# Current in relation to magnetic fields and velocity

1. Oct 28, 2007

### Nuru

Magnetic Field on an incline

This is what looks to be a fairly simple magnetic field problem, but I don't have much experience in relating velocities to electrical currents, so I'm a bit stuck.

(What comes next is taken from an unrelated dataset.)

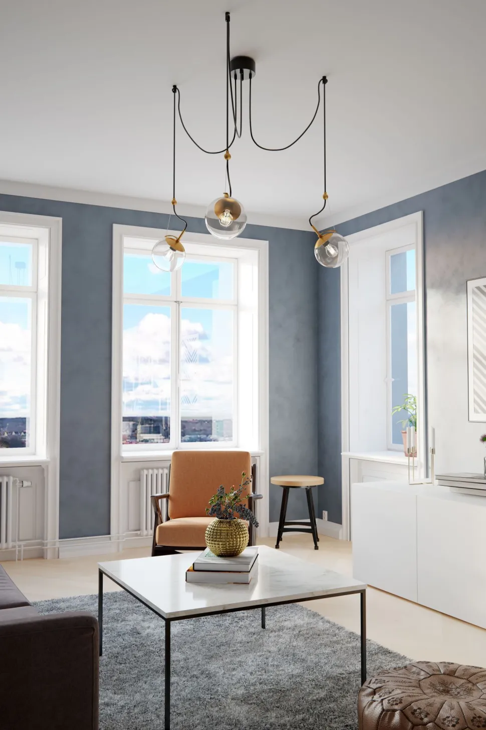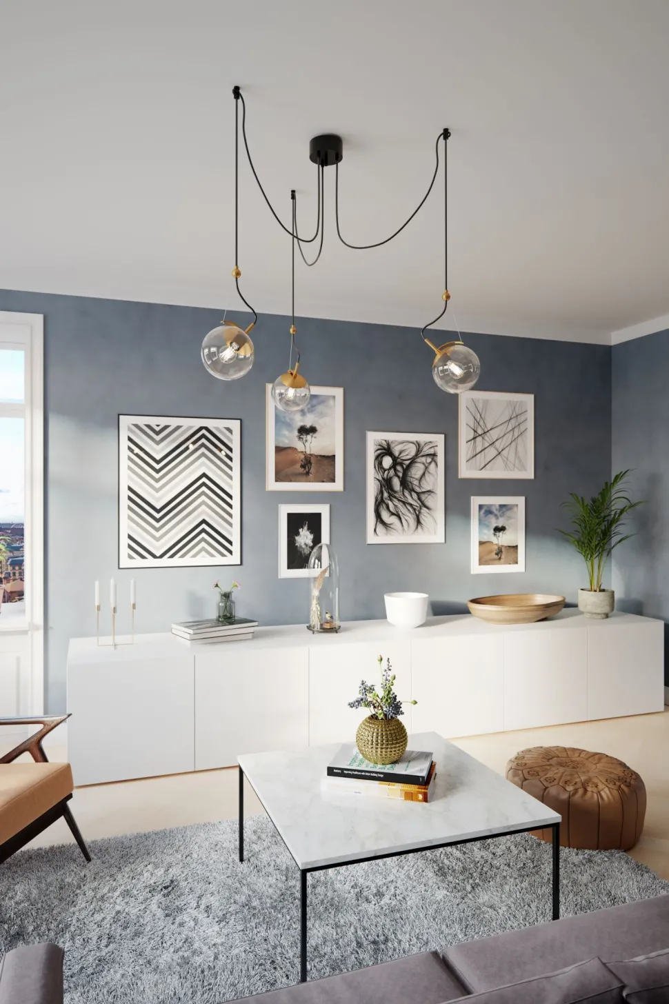 Die Farben Grau und Messing sorgen für einen eleganten Look, der sich leicht mit vielen Einrichtungsstilen kombinieren lässt

The problem as described is
So my variables to my knowledge are
I = unknown
m = 0.19 kg
B = 0.047 T
a = 9.8 m/s (gravity)
L = 1.6 m

The formula I know for this sort of thing is simply $$F = ILB\sin{\theta}$$. My first approach was to use the relation $$F\,=\,MA$$ and substitute that in so I had: $$MA\,=\,ILB\sin{\theta}$$

This turns into $$I\,=\, \frac{MA}{LB\sin{\theta}}$$

So $$I\,=\,\frac{(.19 kg)(9.8 m/s)}{(1.6 m)(0.047 T)\sin{30}}$$

then $$I\,=\,49.5212766$$

However, that obviously isn't right. Did I miss an important detail? I found another problem which was identical except that it had a frictional coefficient they applied in the numerator and they had a $$\theta$$ of 90. Unless I misunderstood something it seems like this should be solvable the same way. Any help would be appreciated.

Last edited: Oct 28, 2007
2. Oct 28, 2007

### Nuru

I think the problem is that I'm using the gravity component in the y axis instead of for the plane, but I'm not sure how to do that correctly.